Which version of ESPHome has the issue?

2024.5.5

What type of installation are you using?

Home Assistant Add-on

Which version of Home Assistant has the issue?

2024.6.0

What platform are you using?

ESP32-IDF

Board

ESP32-S3-BOX-3B

Component causing the issue

wake word on divece engine

Example YAML snippet

substitutions:
  name: esp32-s3-box-3-5a7f28
  friendly_name: ESP32 S3 Box 3 Sala
  micro_wake_word_model: hey_jarvis

packages:
  esphome.voice-assistant: github://esphome/firmware/wake-word-voice-assistant/esp32-s3-box-3.yaml@main
esphome:
  name: ${name}
  name_add_mac_suffix: false
  friendly_name: ${friendly_name}

wifi:
  ssid: !secret wifi_ssid
  password: !secret wifi_password

voice_assistant:
  volume_multiplier: 4.0

Anything in the logs that might be useful for us?

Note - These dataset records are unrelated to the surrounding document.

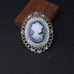 The Silver color of this Cameo Brooch allows you to match it with your cool-toned sets and outfits.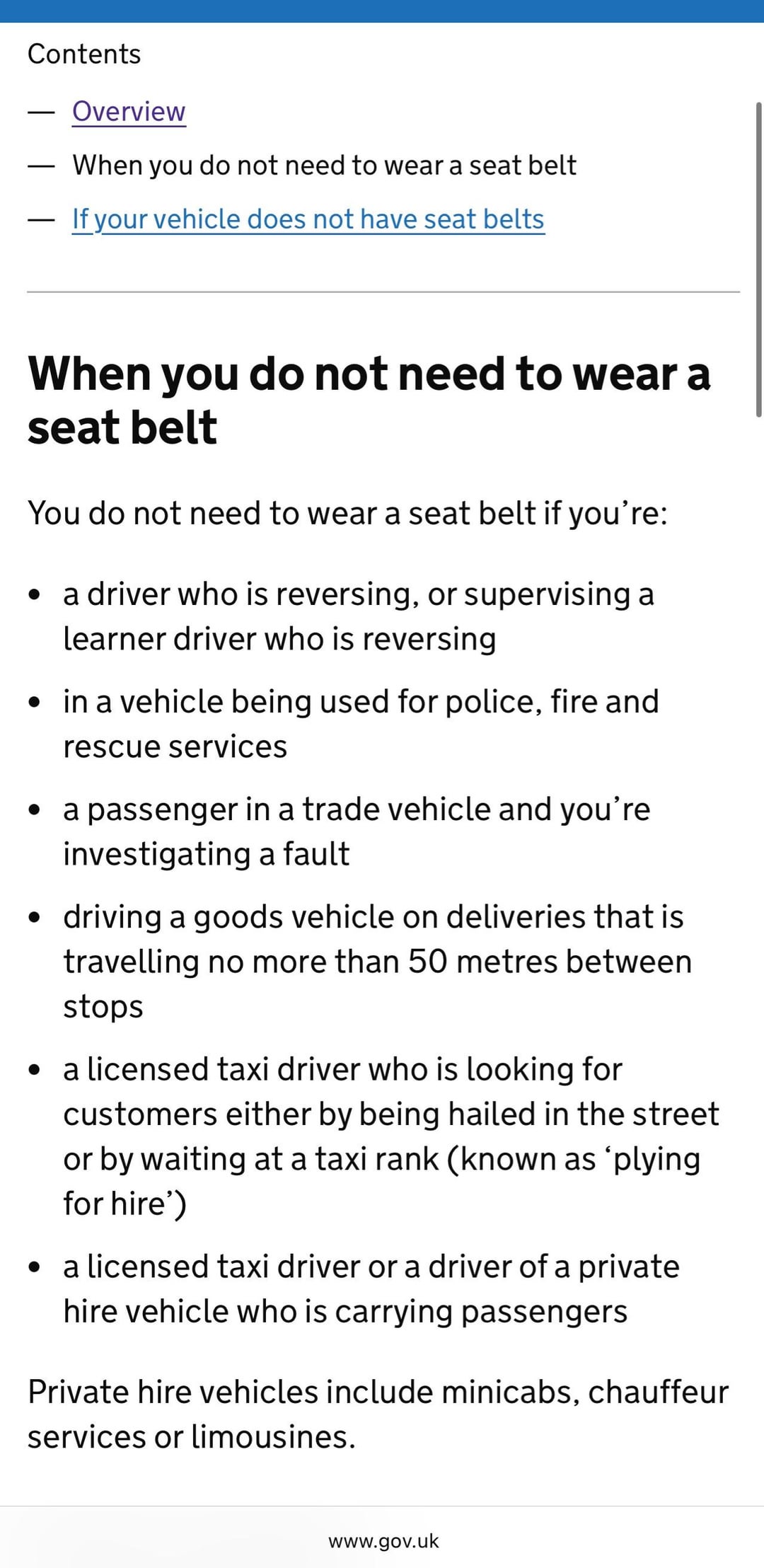 [https://www.gov.uk/seat-belts-law/when-you-dont-need-to-wear-a-seat-belt](https://www.gov.uk/seat-belts-law/when-you-dont-need-to-wear-a-seat-belt)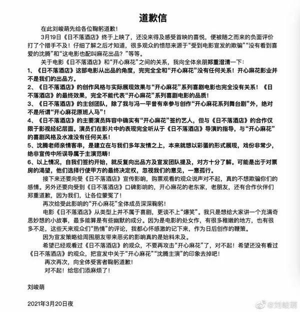 道歉信中称,虽然影片中有开心麻花的签约艺人,但与他们与《日不落酒店》的合作仅限于影视经纪层面,演员们在影片中的表现完全听从于《日不落酒店》导演的指导,与开心麻花的喜剧风格和水准没有任何关系。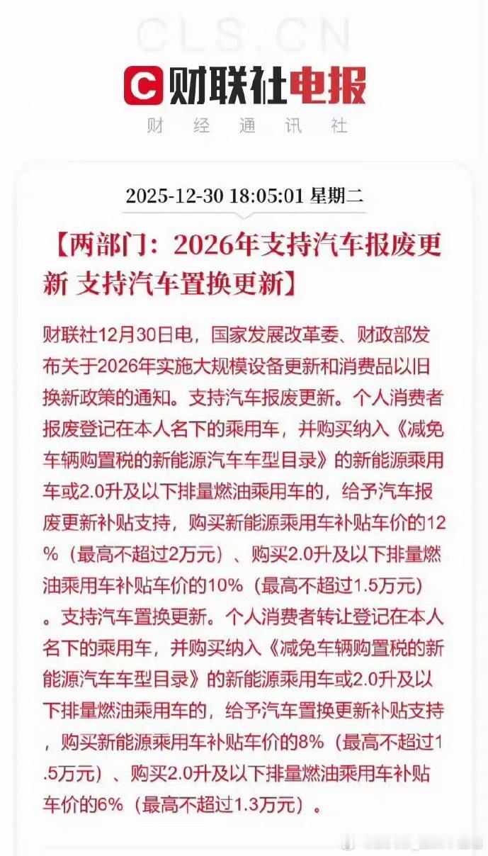 2026年汽车以旧换新政策来了算了一下报废补贴的话,买167000的车差不多能拿

[E][voice_assistant:755]: Error: duplicate_wake_up_detected - Duplicate wake-up detected for hey jarvis

Additional information

No response

nilkemorya commented 1 month ago

Interestingly I'm having the exact same issue with a different wake word. Pretty much bucks the device.

enx1998 commented 1 month ago

Yes, previously I have the same issue with "ok nabu" wake word.

Can anyone tell us how to solve this issue, please? When this is fixed this device for voice assistant is almost perfect.

Thanks, Vincenzo

ecto1a2003 commented 1 month ago

having similar issues. none of my units work

INFO Successful handshake with esp32-s3-box-3-641324 @ 192.168.50.140 in 0.282s [22:43:32][I][app:100]: ESPHome version 2024.6.6 compiled on Jul 3 2024, 21:44:10 [22:43:32][I][app:102]: Project esphome.voice-assistant version 2.0

[22:43:32][C][wifi:427]: Local MAC: 84:FC:E6:64:13:24 [22:43:32][C][wifi:432]: SSID: [redacted] [22:43:32][C][wifi:435]: IP Address: 192.168.50.140 [22:43:32][C][wifi:439]: BSSID: [redacted]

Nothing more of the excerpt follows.